Abstraction frameworks use under-approximating transitions in order to prove existential properties of concrete systems. Under-approximating transitions refer to the concrete states that correspond to a particular abstract state in a universal manner. For example, there is a must transition from abstract state a to abstract state a ′ only if all the concrete states in a have successors in a ′.

The universal nature of under-approximating transitions makes them closed under transitivity. Consequently, reachability queries about the concrete system, which have applications in falsification and testing, can be answered by reasoning about its abstraction. On the negative side, the universal nature of under-approximating transitions makes them dependent on all the variables of the program. The abstraction, on the other hand, often hides some of the variables. Since the universal quantification in must transitions ranges over all variables, this often prevents the abstraction from associating a must transition with statements that refer to hidden variables.
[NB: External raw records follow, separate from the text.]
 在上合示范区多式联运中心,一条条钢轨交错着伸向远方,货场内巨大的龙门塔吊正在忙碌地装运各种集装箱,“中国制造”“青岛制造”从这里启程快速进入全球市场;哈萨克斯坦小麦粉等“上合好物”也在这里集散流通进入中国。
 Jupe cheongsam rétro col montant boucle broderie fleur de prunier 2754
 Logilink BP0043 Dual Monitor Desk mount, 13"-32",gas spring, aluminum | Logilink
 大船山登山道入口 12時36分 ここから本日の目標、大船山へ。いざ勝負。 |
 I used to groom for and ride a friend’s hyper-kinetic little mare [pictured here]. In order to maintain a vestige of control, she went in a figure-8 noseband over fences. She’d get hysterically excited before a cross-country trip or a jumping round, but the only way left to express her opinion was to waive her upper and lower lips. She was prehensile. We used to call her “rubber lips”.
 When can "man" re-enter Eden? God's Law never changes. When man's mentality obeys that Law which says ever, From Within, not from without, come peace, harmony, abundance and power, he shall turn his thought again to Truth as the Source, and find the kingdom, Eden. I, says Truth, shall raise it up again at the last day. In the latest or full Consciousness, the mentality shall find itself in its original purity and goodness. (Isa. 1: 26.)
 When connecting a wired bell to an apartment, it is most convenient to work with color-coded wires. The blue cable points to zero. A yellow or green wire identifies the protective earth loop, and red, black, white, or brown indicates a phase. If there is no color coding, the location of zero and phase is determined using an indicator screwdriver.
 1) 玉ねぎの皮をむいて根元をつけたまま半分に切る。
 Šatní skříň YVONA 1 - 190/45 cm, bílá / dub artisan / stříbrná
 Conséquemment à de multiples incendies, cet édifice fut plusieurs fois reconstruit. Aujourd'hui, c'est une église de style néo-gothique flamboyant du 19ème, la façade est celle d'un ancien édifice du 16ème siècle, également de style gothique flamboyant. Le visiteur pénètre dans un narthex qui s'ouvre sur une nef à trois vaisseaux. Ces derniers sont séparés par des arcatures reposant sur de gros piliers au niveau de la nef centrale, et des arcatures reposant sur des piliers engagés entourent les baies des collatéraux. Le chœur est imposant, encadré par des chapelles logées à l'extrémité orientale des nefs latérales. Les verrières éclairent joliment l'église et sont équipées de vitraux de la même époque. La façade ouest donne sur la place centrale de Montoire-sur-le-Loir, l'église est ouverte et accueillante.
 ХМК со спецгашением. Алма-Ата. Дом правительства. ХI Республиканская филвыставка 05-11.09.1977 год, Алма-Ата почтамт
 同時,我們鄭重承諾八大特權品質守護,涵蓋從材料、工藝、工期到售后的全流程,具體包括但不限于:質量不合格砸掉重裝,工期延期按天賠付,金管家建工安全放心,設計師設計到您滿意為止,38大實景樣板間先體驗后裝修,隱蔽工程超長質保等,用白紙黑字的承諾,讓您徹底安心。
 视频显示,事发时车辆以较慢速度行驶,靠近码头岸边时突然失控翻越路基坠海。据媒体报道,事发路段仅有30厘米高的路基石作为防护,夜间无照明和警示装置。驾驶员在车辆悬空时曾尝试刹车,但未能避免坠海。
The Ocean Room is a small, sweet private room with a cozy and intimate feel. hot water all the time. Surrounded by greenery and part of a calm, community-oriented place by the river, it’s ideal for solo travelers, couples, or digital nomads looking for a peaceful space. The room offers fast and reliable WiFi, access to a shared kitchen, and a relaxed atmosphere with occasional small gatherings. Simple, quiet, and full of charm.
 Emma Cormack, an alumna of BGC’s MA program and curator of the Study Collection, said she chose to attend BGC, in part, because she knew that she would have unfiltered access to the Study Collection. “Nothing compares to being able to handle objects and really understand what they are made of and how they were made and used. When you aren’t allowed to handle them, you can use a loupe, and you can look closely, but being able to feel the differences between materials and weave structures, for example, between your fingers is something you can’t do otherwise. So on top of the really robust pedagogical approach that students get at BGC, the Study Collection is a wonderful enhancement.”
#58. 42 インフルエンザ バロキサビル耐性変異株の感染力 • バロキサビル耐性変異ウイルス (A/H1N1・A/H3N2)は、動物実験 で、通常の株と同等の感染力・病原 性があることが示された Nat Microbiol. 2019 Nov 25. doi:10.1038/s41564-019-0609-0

We introduce and study partitioned-must transitions. The idea is to partition the program variables to relevant and irrelevant ones, and restrict the universal quantification inside must transitions to the relevant variables. Usual must transitions are a special case of partitioned-must transitions in which all variables are relevant. Partitioned-must transitions exist in many realistic settings in which usual must transitions do not exist. As we show, they retain the advantages of must transitions: they are closed under transitivity, their calculation can be automated, and the three-valued semantics induced by usual must transitions is refined to a multi-valued semantics that takes into an account the set of relevant variables.

Keywords

Model Check Abstract State Safety Property Atomic Proposition Concrete State 
These keywords were added by machine and not by the authors. This process is experimental and the keywords may be updated as the learning algorithm improves.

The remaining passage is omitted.